I have just returned from West Africa, and am only now catching up with the news. Secretary of Defense Donald Rumsfeld wants to pursue more aggressive covert actions against al Qaeda. Richard Perle, the chairman of the Defense Policy Board, wants a change of regime in Saudi Arabia. At the same time, the hawks on Dick Cheney’s staff and elsewhere can hardly wait to attack Iraq. Call me timid, if you must, but these guys make me nervous.
I know, of course, that al Qaeda must be stopped, and that the Saudis are corrupt and despotic. I also know that Saddam Hussein is a monster, and that force may be needed to overthrow him. But I know too that overseas interventions can bring about unintended consequences. Drop a bomb in Baghdad, and the blast will reverberate in Cairo and Istanbul and God knows where else.
But our hawks, it seems, will not be deterred. Speaking softly and carrying a big stick just isn’t their style, and in print and on television they keep calling for action. Meanwhile their bellicosity appears to be roughly proportionate to the years in the 1960s they spent in graduate school and not in Vietnam.
Thus we must take out Iraq, either alone or with allies. We may need 250,000 troops to do the job; then again only 80,000 might do. Most likely, though, we will need only air power and Special Forces. Apparently the Republican Guard will crumble and there will be no house-to-house fighting. Indeed, at the first sign of war Iraqis will take to the streets to denounce Saddam. And if, just possibly, he should use chemical and biological weapons, perhaps out of sheer spite, we can worry about it later.
So I exaggerate, but not by much. The half dozen or so — it depends on how you count — Iraqi opposition groups that met in Washington over the weekend with their consultants, flacks, and advisers suggested a scenario very much like that.
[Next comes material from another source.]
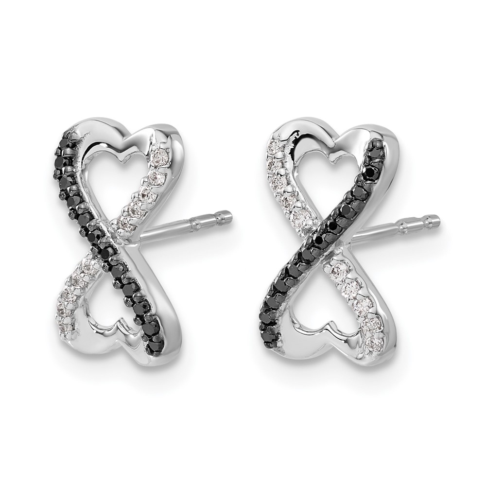 14k White Gold Black and White Diamond Infinity Heart Post Earrings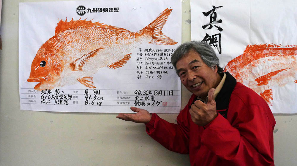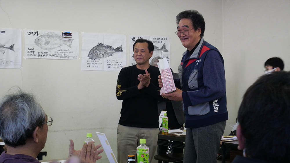 議事終了後、年間大物賞の表彰式で、大分県支部からはマダイの部で私が提出した魚拓が、92.5㎝の審査結果となり、年間大物賞の栄誉を頂いて久しぶりに感謝感激。

They also said they had reconciled their differences and would work to make Iraq a democratic pluralistic society. Many of our hawks insist they believe them.
Nonetheless I must admit that I’ve never been in the Middle East and so I really don’t know much about it. But as I said, I’ve just returned from West Africa, and I do know something about what things are like there. And what strikes me, as it also has when I’ve come back from other trips before, is that the West Africa I know does not have much to do with the West Africa of think tanks, foundations, and supposed foreign policy experts. They invent instead a West Africa for their own purposes. Something similar, I suspect, is going on now with our professional hawks, and if that doesn’t make you nervous it should.